Using Three Horizons for climate resilience

Using Three Horizons for climate resilience

Carolina Moeller

Solutions to long-term threats, such as climate change, require business leaders to think beyond the typical two or three-year planning time horizon. But, how is it possible to look further into the future when there is so much uncertainty about what the world will look like in 10 — or even 20 — years’ time? 

The Three Horizons framework is one of the tools we use at Leaders’ Quest to help business leaders have better conversations about the future and move from short-term to long-term decision-making.

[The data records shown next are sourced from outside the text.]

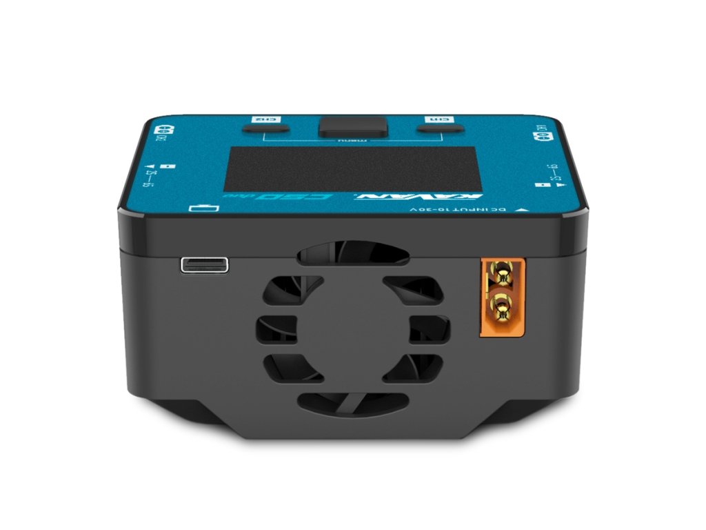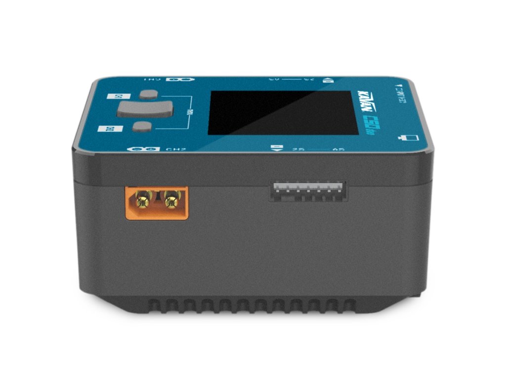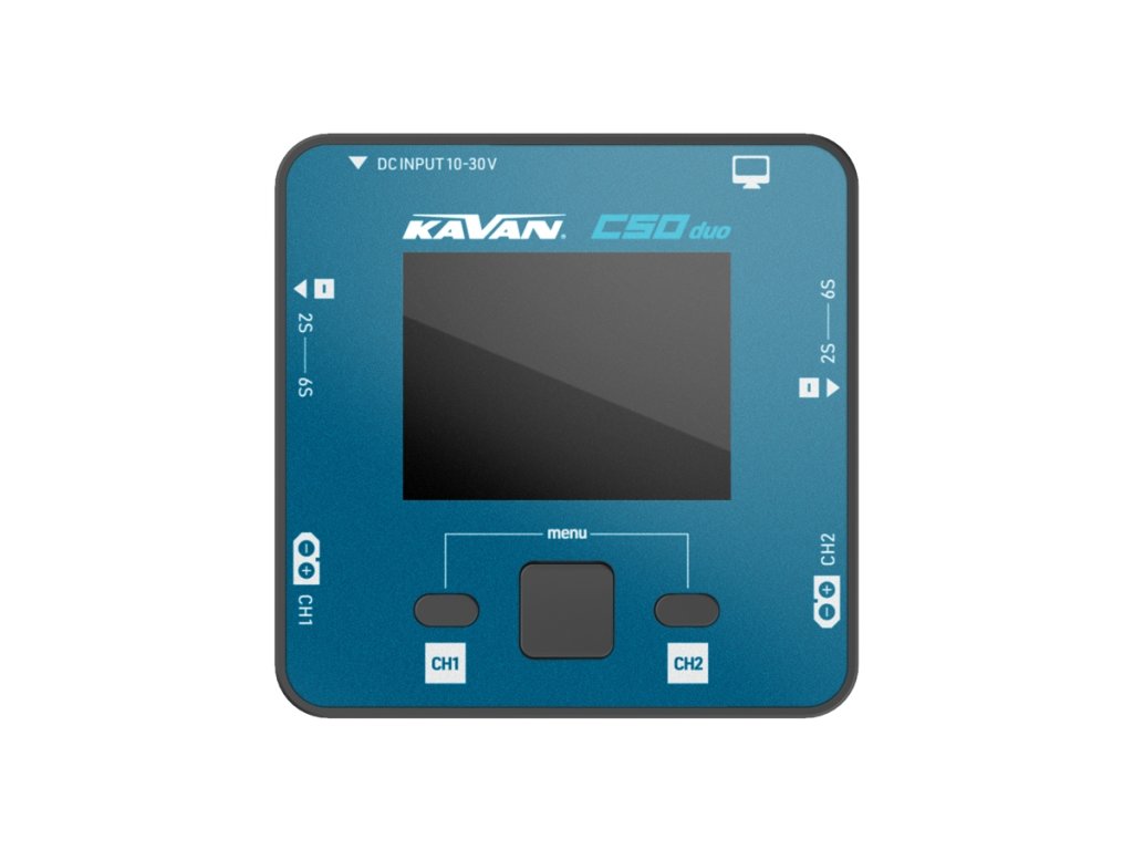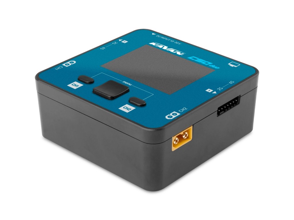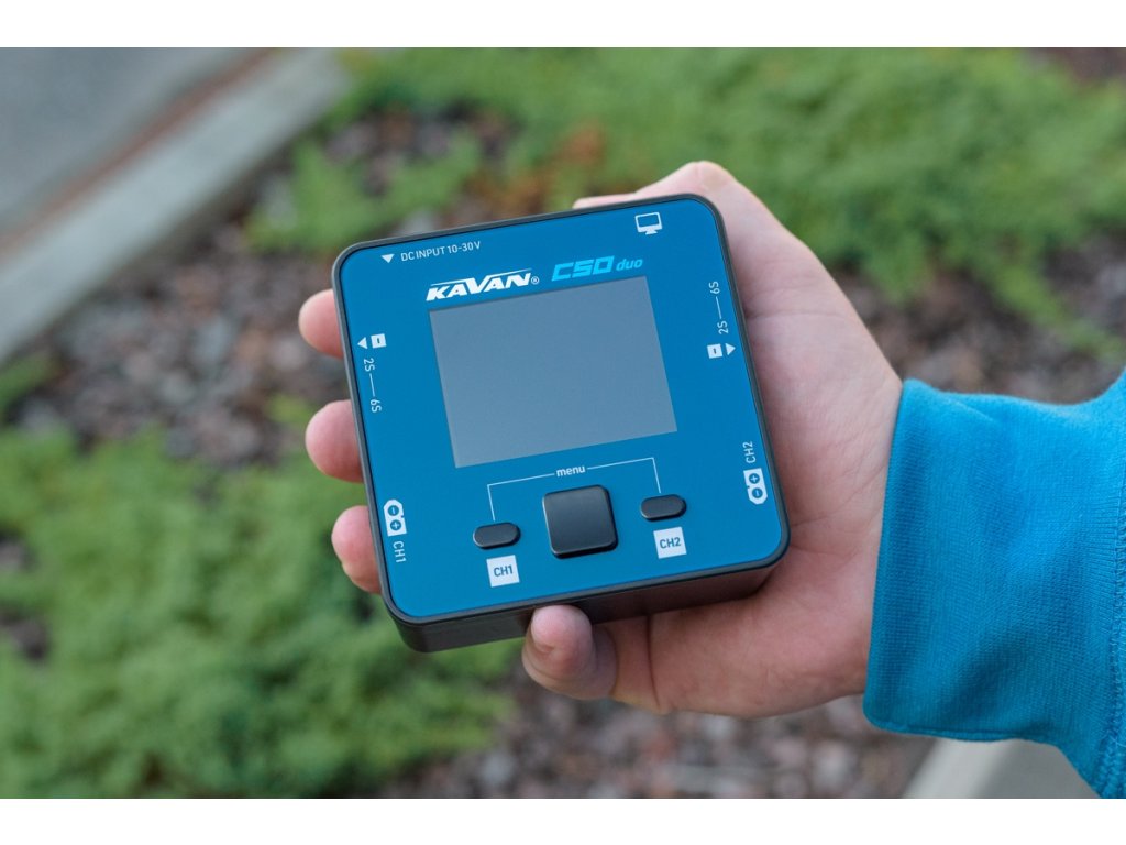 Miniaturní dvoukanálový nabíječ KAVAN C50 Duo 2x250W je inteligentní nabíječ s napájením z autobaterie/stabilizovaného síťového zdroje a velmi jednoduchou a přehlednou obsluhou. C50 Duo umožňuje nabíjet běžné typy článků (NiCd, NiMH, LiPo, LiHV, ULiHV, Li-ion, LiFe, Pb), navíc je vybaven vestavěnými šestikanálovými balancery, které zajišťují bezpečné nabíjení lithiových akumulátorů. Nabíječ je vybaven barevným LCD displejem a programovacími tlačítky, které vám poskytnou možnost komfortního a velice přehledného nastavování parametrů, řízení a sledování průběhu nabíjení.
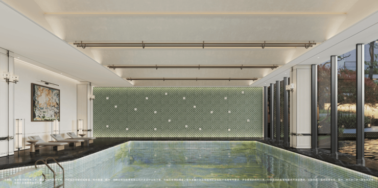 比如,项目打造的约2500㎡下沉式会所,预计包含等泳池、健身房、瑜伽室、水吧台、私宴厅等功能,满足业主全龄多元需求。
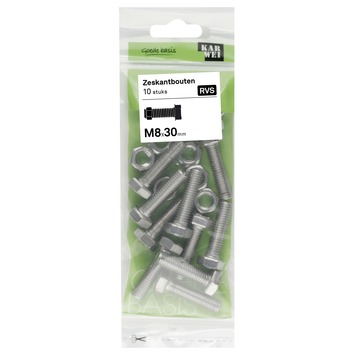 KARWEI zeskantbout voldraad rvs M8x30 mm 10 stuks
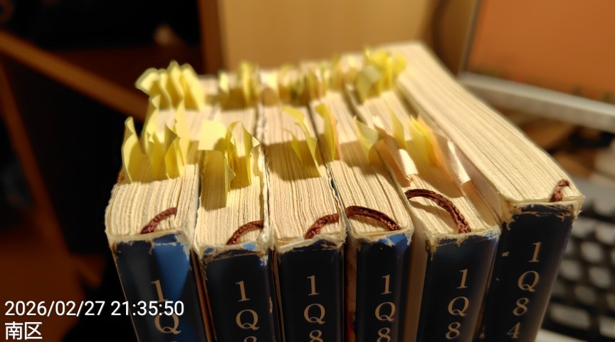 ハルキストの私は「1Q84」をお願いしました。何周もしているので私の本はボロボロで付箋は多いです。でも、なぜか6冊目だけは付箋が皆無でしたので、ここは読み返さなければ。
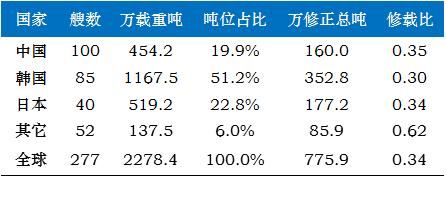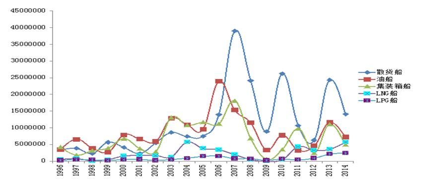 2)日本在專注散貨船市場基礎上,積極拓展集裝箱船市場,韓國在鞏固液化氣船市場地位同時,加大油船、集裝箱船搶單力度。
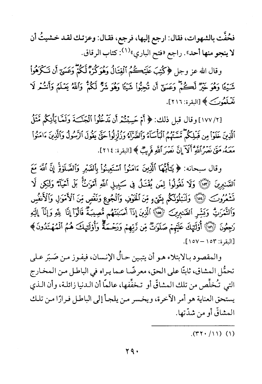 وقال سبحانه: {يَاأَيُّهَا الَّذِينَ آمَنُوا اسْتَعِينُوا بِالصَّبْرِ وَالصَّلَاةِ إِنَّ اللَّهَ مَعَ الصَّابِرِينَ (١٥٣) وَلَا تَقُولُوا لِمَنْ يُقْتَلُ فِي سَبِيلِ اللَّهِ أَمْوَاتٌ بَلْ أَحْيَاءٌ وَلَكِنْ لَا تَشْعُرُونَ (١٥٤) وَلَنَبْلُوَنَّكُمْ بِشَيْءٍ مِنَ الْخَوْفِ وَالْجُوعِ وَنَقْصٍ مِنَ الْأَمْوَالِ وَالْأَنْفُسِ وَالثَّمَرَاتِ وَبَشِّرِ الصَّابِرِينَ (١٥٥) الَّذِينَ إِذَا أَصَابَتْهُمْ مُصِيبَةٌ قَالُوا إِنَّا لِلَّهِ وَإِنَّا إِلَيْهِ رَاجِعُونَ (١٥٦) أُولَئِكَ عَلَيْهِمْ صَلَوَاتٌ مِنْ رَبِّهِمْ وَرَحْمَةٌ وَأُولَئِكَ هُمُ الْمُهْتَدُونَ} [البقرة: ١٥٣ - ١٥٧].
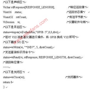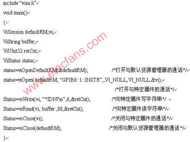 【实例4】对于用户来说,只需了解VISA函数的格式与参数就可以编写仪器的驱动程序,而不必关心VISA库与仪器如何沟通的细节。对VISA函数的调用一般可以分为声明、开启、器件I/O和关闭4部分,下面以一段简单的C语言程序为例进行说明。该程序是由计算机向一台GPIB器件发出“*IDN?”的IEEE-488.2公用命令,并从该器件回读其响应字符串。
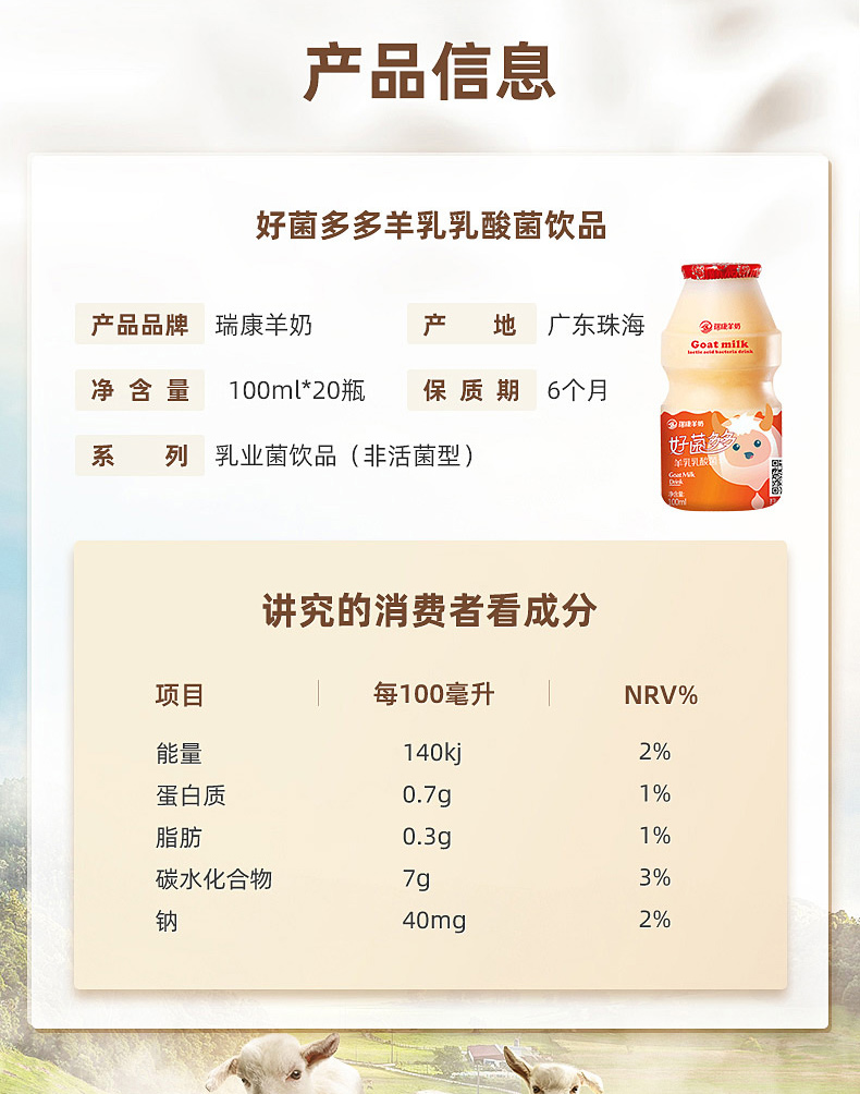 商品名称:瑞康羊奶好菌多多羊乳乳酸菌
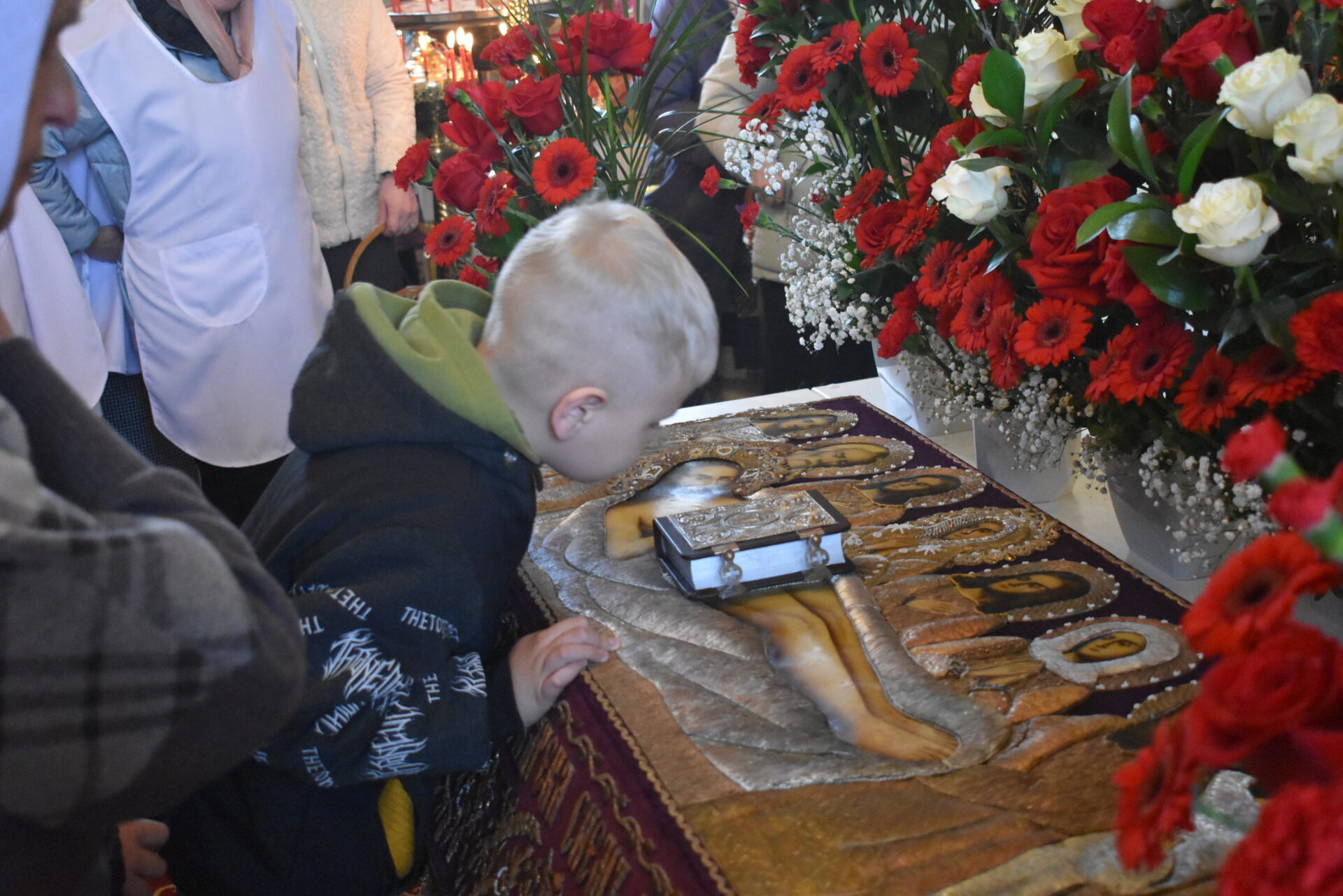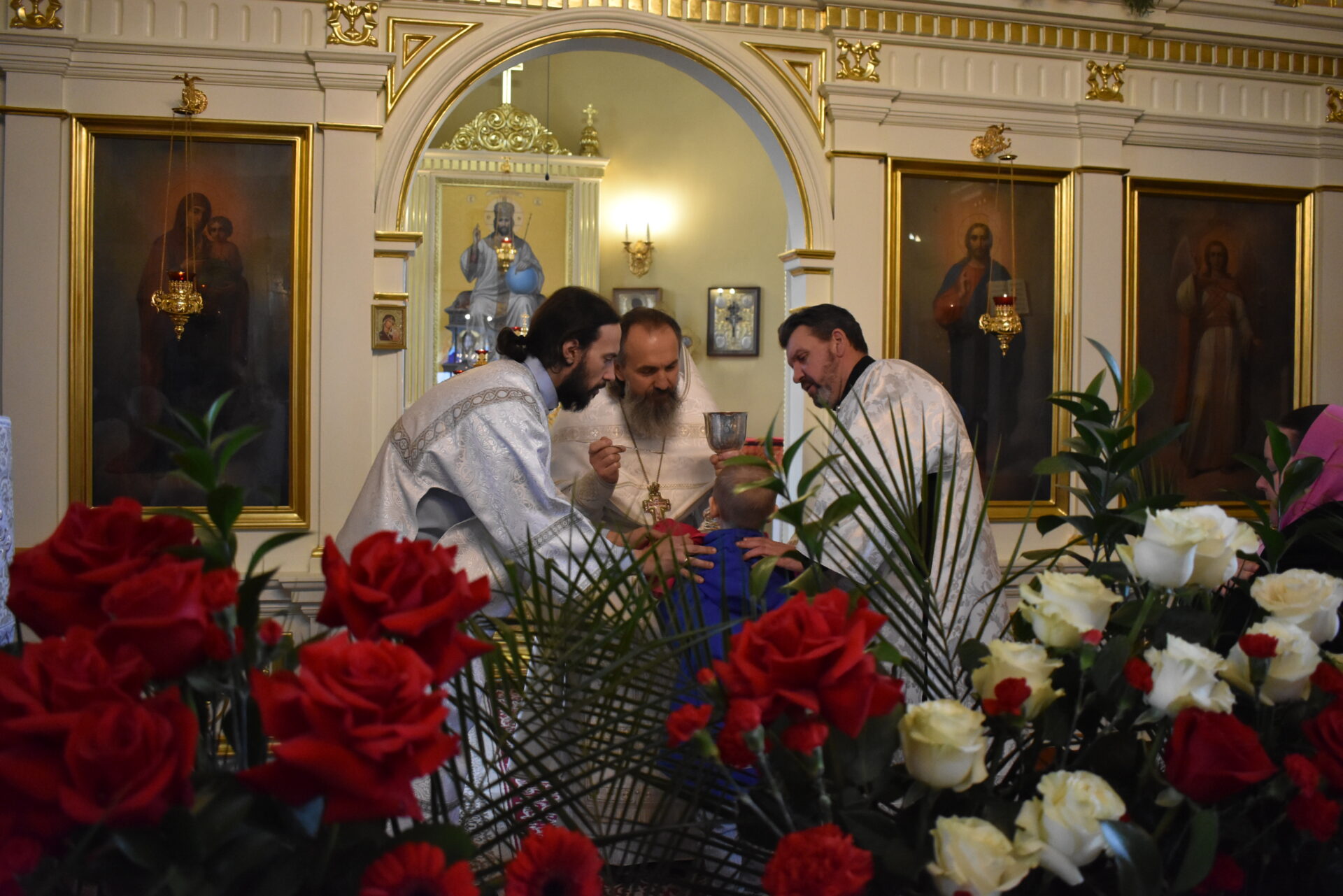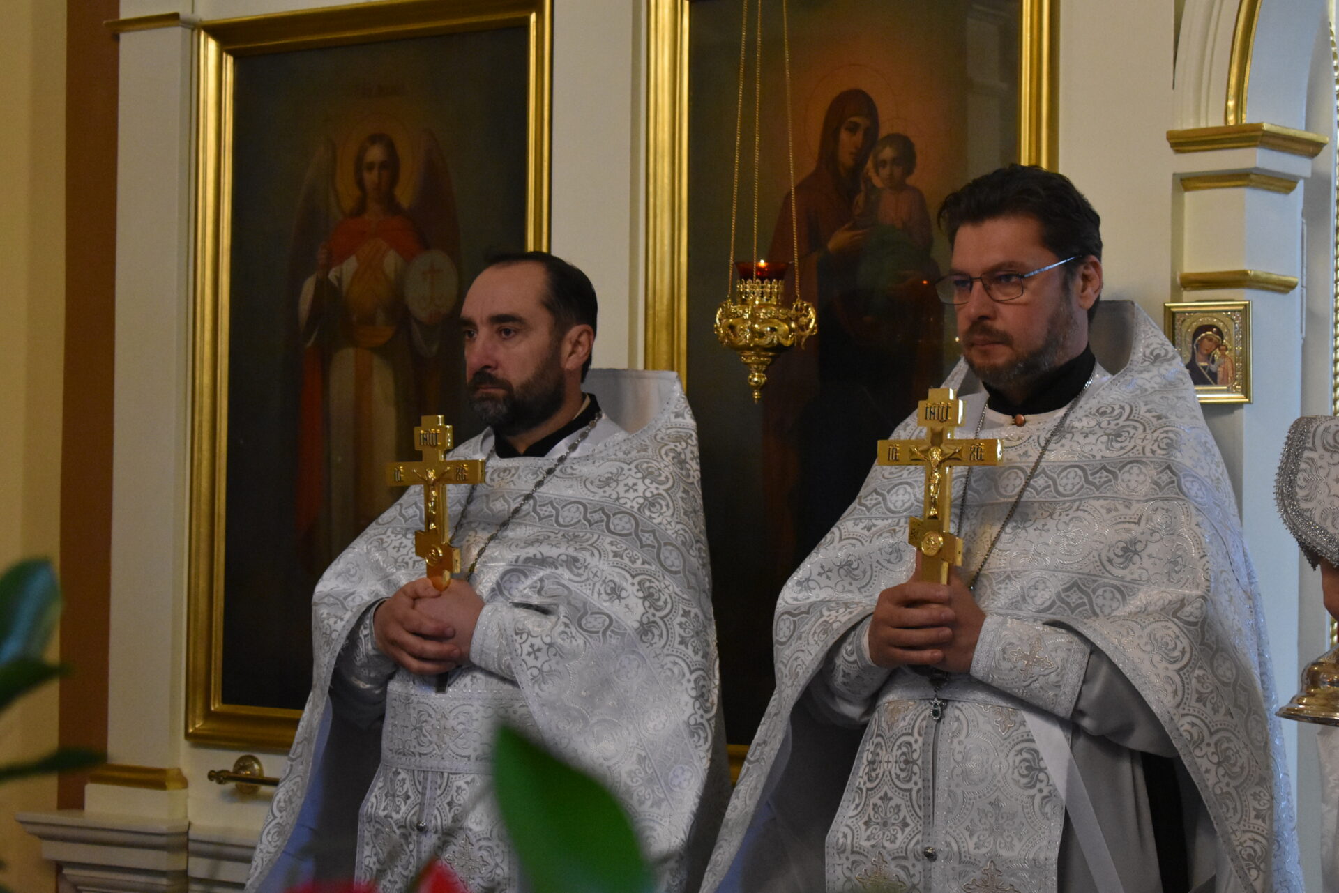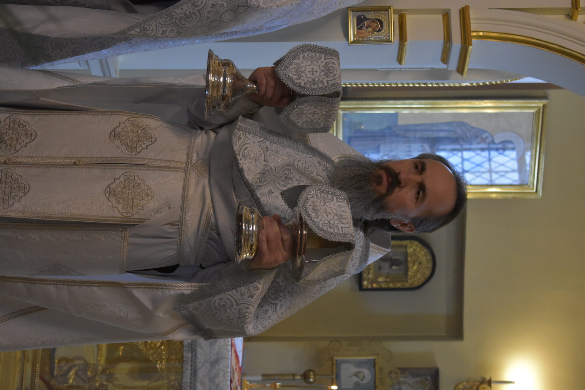 По заамвонной молитве было совершено освящение хлеба и вина.

In this article, we share the example of how Leaders’ Quest worked with the World Business Council for Sustainable Development (WBCSD) to facilitate a Three Horizons conversation with its member companies to explore adaptation, climate resilience and new mindsets.  

What is the Three Horizons Framework?

Three Horizons is a framework that helps leaders to extend the standard two-to-three-year decision-making horizon to 10, 20, or even 30 years into the future by using three perspectives (or simply say three horizons) which are:

  • The first horizon is the dominant system at present, or, ‘business as usual’.  We rely on these systems being stable and reliable. But as our world changes, aspects of business as usual begin to feel no longer fit for purpose. 
  • The second horizon is a pattern of transition activities and innovations; people trying things out in response to the ways in which the landscape is changing. 
  • The third horizon is the long-term successor to business as usual.  It grows from activity in the present that introduces completely new ways of doing things which turn out to be much better fitted to the world that is emerging.


At Leaders’ Quest we work with the second and third horizon. In the ‘messy middle’ of the second horizon, we help leaders figure out the gap between what’s not working today and how to win in the future. In the third horizon, we unlock inspiration, mindsets and culture shifts required to create a bold ambition for the future. 

How does it work?

Leaders’ Quest recently hosted a hybrid Three Horizons workshop for WBCSD and its member organisations. The topic was climate resilience, and the purpose of the workshop was to help leaders expand their thinking from mitigating against climate change (H1) towards adapting to climate change (H3). 

What’s the difference between mitigation against, and adaptation to, climate change? 

We need to recognize that we’re in a climate emergency — and that business needs to act urgently in providing solutions and accelerating a clean transition. 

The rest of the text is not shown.